You can get more insight from reading the entire thread here:
The #Alonzo HFC event will be the most significant upgrade yet, laying the firmest of foundations for an exciting new era of #smartcontracts on #Cardano. Here's the moment – just minutes ago – that Sam submitted the upgrade proposal 2/6 🤘https://t.co/wnZmn7YwiP
— Input Output (@InputOutputHK) September 7, 2021
Yahoo Finance explains the significance of this further:
“The [Alonzo] upgrade will bring Decentralized Finance (DeFi) applications and exchanges to the network which could see Cardano compete with similar networks, such as Ethereum and Solana.
The upgrade will also provide the ability to mint non-fungible tokens (NFTs) on its blockchain.”
Of course, for those of you new to the ADA game (or the crypto game in general), it may seem odd, unexpected, or even a sign of Bad Things To Come™ that Cardano crashed so hard despite the much-anticipated launch of smart contracts coming with the Alonzo mainnet rollout.
On the surface, that makes sense. It is somewhat counterintuitive.
But it’s really not unusual.
Recently, we wrote that the lead-up to September 12 could go one of two ways: a bull rush or a collapse.
We further wrote that either way it goes, it would be for the same reason: Alonzo.

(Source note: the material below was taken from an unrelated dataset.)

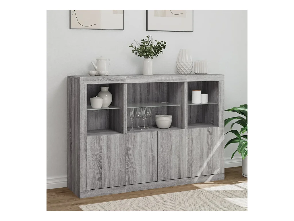Buffets avec lumières LED 3 pièces sonoma gris bois d'ingénierie

Last week, we saw the ADA price weather a storm of significant FUD nonsense, which is one element in the rationale of collapse as a precursor to good news.

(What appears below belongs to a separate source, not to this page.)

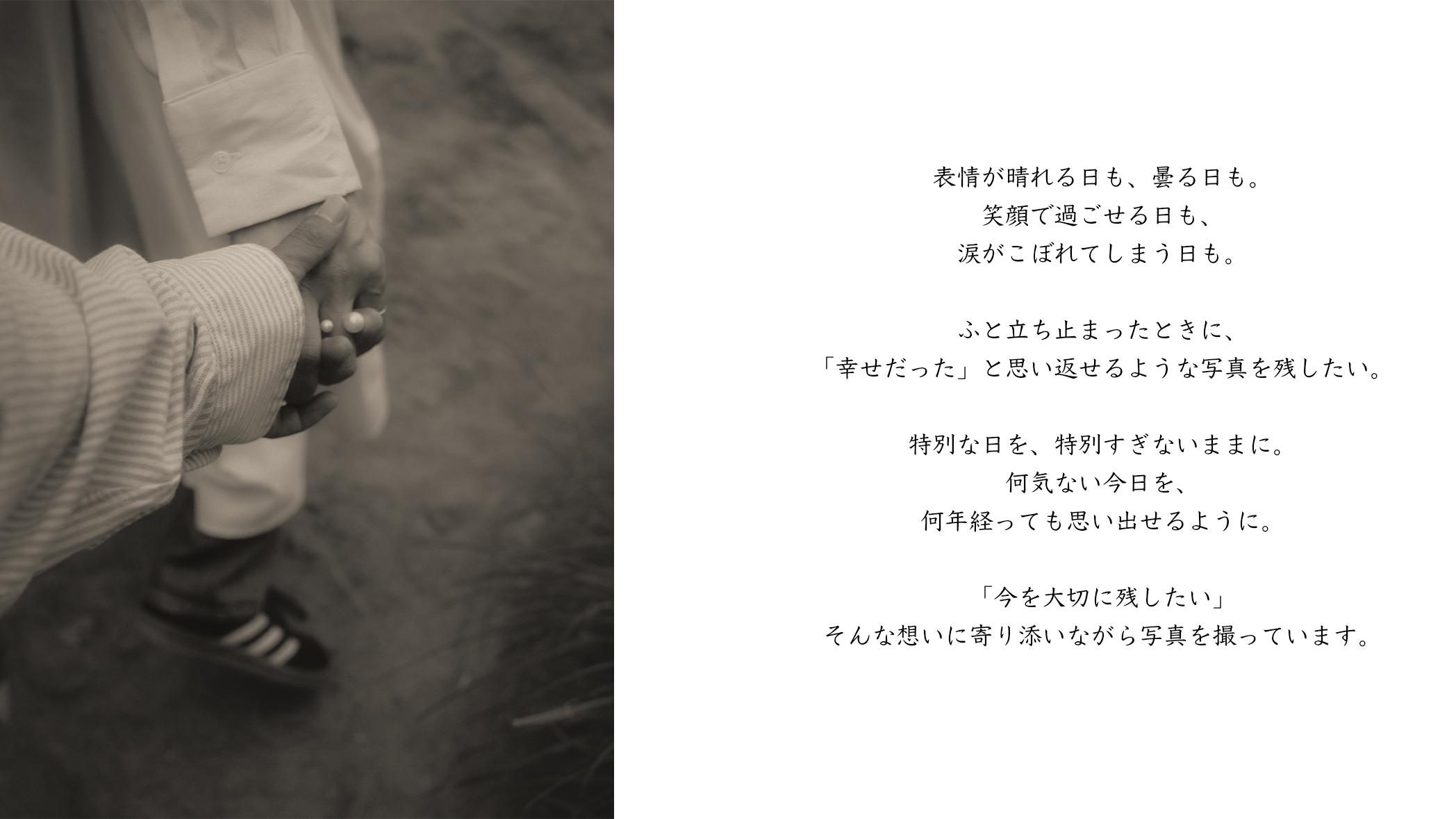 各種撮影プラン・料金のご案内ページです。撮影を通して、大切な人や家族、自分自身を愛せるきっかけとなってくれますように。人生の節目も、何気ない一日も、今を残したいと思う皆様の心に寄り添いながら写真を撮っています。

As the Cardano network prepares to take on the crypto space’s biggest smart contract and NFT player – Ethereum – ETH hodlers and touts came out in full force to slam the ADA project.
Obviously, it was the usual suspects spreading their usual nonsense, and Cardano stood firm through various smears like this:
The greatest pump in crypto history is about to dump hard as people realize the blockchain literally does not work. https://t.co/9jjH5hPtPi
— Mike DAOdas (@mdudas) September 4, 2021
Even that didn’t really cause too much fretting in the Cardano community, and the price of ADA didn’t move much in the wake of this ridiculous assertion.

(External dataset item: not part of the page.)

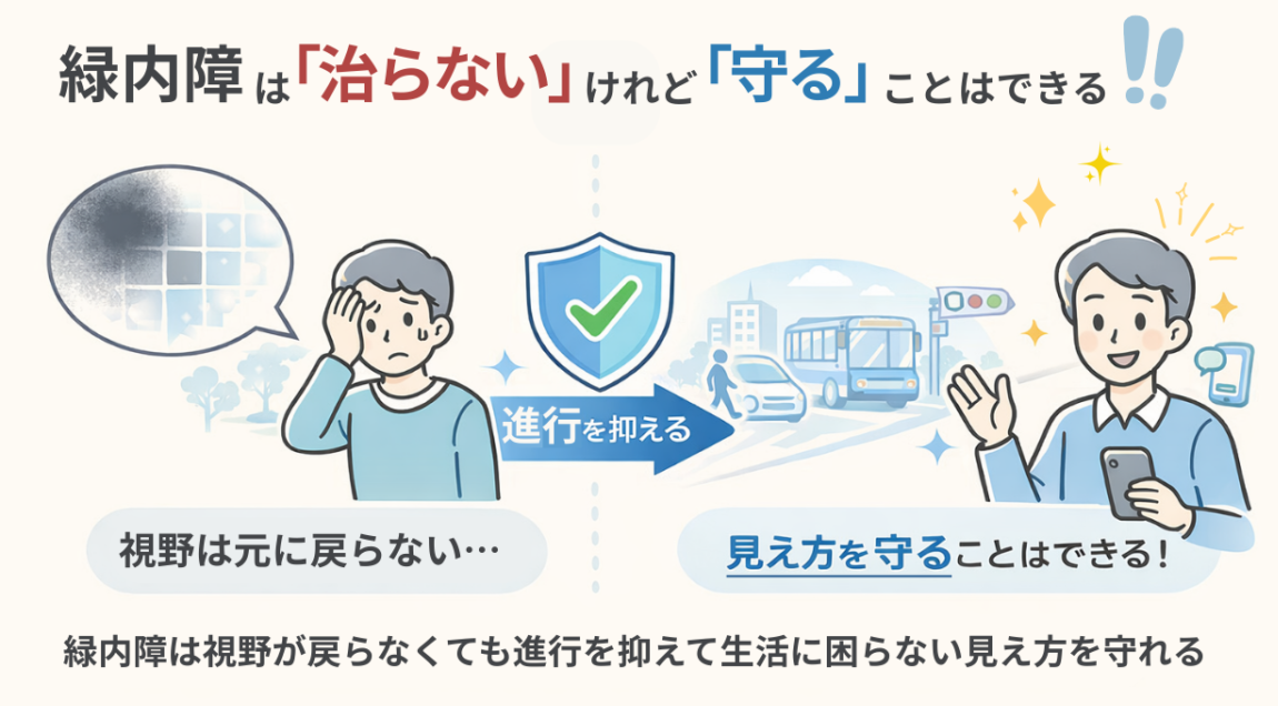 緑内障は「治らない病気」ですが、正しく治療すれば「一生困らない見え方」を守ることができます。

The purported Cardano concurrency issue was put into perspective by more even-keeled members of the cryptoverse:
The MinSwap concurrency challenge is being blown way out of proportion by FUDsters.
It's like saying the Wright brothers first test flight was a failure because it did not have cabin service and flight attendants.
keep building @MinswapDEX ⭐️⭐️⭐️⭐️⭐️
you got this 💪 https://t.co/TqkskG5z2K— Rick McCracken 🇪🇺🫖💋🤗 (@RichardMcCrackn) September 4, 2021
So what caused the crash and the summary stabilized dip to the $2.40 range?
Again, Alonzo.
At least in part.
Indeed, all cryptos tanked over the last week, with the overall market cap dropping by some $400 billion at its nadir.
And they tanked because there was a sell-off.
Much of that sell-off, no doubt, was predicated on various fears regarding forthcoming potential SEC regulation, trepidation about the stability of the market’s current trends, and so on. But some of it – at least in the case of ADA – is due to swing trading.
We discussed Cardano swing trading before, and it makes all the sense in the world that ADA investors saw the ATH (and/or a near-ATH plateau) and decided to swing out for the time being.
If enough swing traders go at the same time – particularly if many of them have millions of ADA with which to play – it can spook others who see a crash where those swingers saw (and helped create!) a temporary dip allowing them to reinvest in ADA – without adding a single cent to the pile – and grow their stack considerably.
Again, if you took our advice earlier, you may have done this yourself.
We sure wish we’d listened to us.
Oh well. There’s always next time.
Seriously. There is always next time.
So sell the tip, and buy the dip.
And that’s the hottest tip we’ve got.